Researchers use functional MRI to study small-scale strokes
The research is supported by a Samuel C. and Nancy M. Fleming Research Scholar Award in Intercampus Collaborations given to Henning Voss, associate professor of physics in radiology at Weill Cornell Medical College in Manhattan.
The three-year grant, which is given to junior or midlevel Weill Cornell faculty conducting key research in biomedicine, favors collaborative work with biomedical engineers on Ithaca's campus; in this case, Voss has teamed with Chris Schaffer, assistant professor of biomedical engineering. The award is also intended to provide protected research time to acquire preliminary data before applying for larger federal funding.
While conventional MRIs allow researchers to view a snapshot of the brain at a given moment, functional MRIs provide a view of brain function over time, with an image about every second.
Voss and Schaffer will investigate the immediate and long-term effects of two types of strokes: hemorrhagic strokes, which are micro-strokes that occur when a blood vessel bursts, leaking blood; and ischemic strokes, where a blocked blood vessel deprives surrounding tissue of blood.
Schaffer will induce small strokes by using optical imaging and lasers to create precise lesions in single blood vessels -- a technique he developed. Voss' lab will do functional MRI scans before and after to see how the brain responds globally.
"Optical imaging techniques are not good at looking at how larger scale changes occur, how activity patterns in other parts of the brain change," said Schaffer. "But functional MRIs can look at how more global functions of the brain are affected," he added.

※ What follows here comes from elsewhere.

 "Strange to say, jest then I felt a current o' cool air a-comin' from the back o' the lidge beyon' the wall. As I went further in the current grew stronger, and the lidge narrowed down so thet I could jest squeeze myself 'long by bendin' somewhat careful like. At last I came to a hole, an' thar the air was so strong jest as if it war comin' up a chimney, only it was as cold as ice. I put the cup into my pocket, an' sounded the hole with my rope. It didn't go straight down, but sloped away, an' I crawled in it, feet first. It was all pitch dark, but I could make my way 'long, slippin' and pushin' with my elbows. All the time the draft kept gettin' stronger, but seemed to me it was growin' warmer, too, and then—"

"Such a method will teach us what to expect in clinical applications of functional MRI in small-scale stroke and thus provide a first step toward the translation of these new stroke models into clinical research on humans" where noninvasive imaging methods are preferable, said Voss.

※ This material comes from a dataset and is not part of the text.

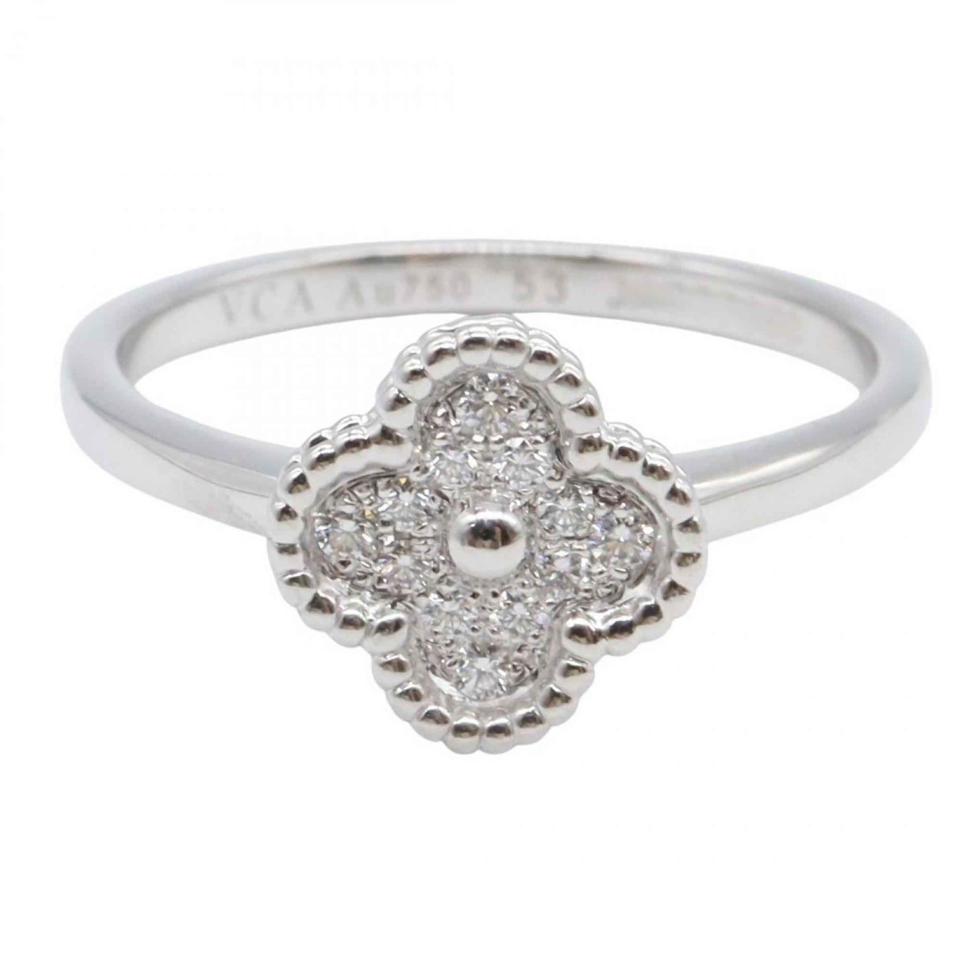 Van Cleef & Arpels Sweet Alhambra Diamond Ring in 18K White Gold (VCARO85800) - Women\'s, Silver or Clear.

The researchers will test whether each type of induced stroke leaves a distinctive "fingerprint" on the rodents' brain function, both immediately after the stroke and as the brain recovers over time. The researchers also expect to see a threshold in the number and extent of small-scale strokes beyond which recovery will be limited.

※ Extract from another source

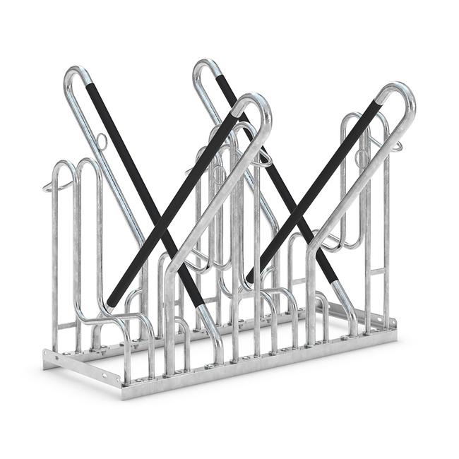 Der Fahrradständer mit dem Plus an Sicherheit und Komfort. Die Fahrräder werden durch die kunststoffummantelten Anlehnbügel hochwertig geschützt und nicht zerkratzt. Besonders sicher wird das An- und Abschließen durch die integrierten Stahl-Rundösen - so ist Ihr Fahrrad perfekt gegen Diebstahl geschützt. Ebenso einfach ist das Einparken, durch die extra breiten Reifenabständen. Bodenmontagewinkel sind enthalten

"In humans, these small-scale strokes are believed to be related to cognitive decline," said Voss. "However, as MRI scanners become more sensitive, the signatures of micro-vascular lesions can now frequently be seen as incidental findings in cognitively normal people. I think that as long as the density of these lesions is small, the brain can cope, but as their density goes up, there could be some direct or indirect cognitive effect."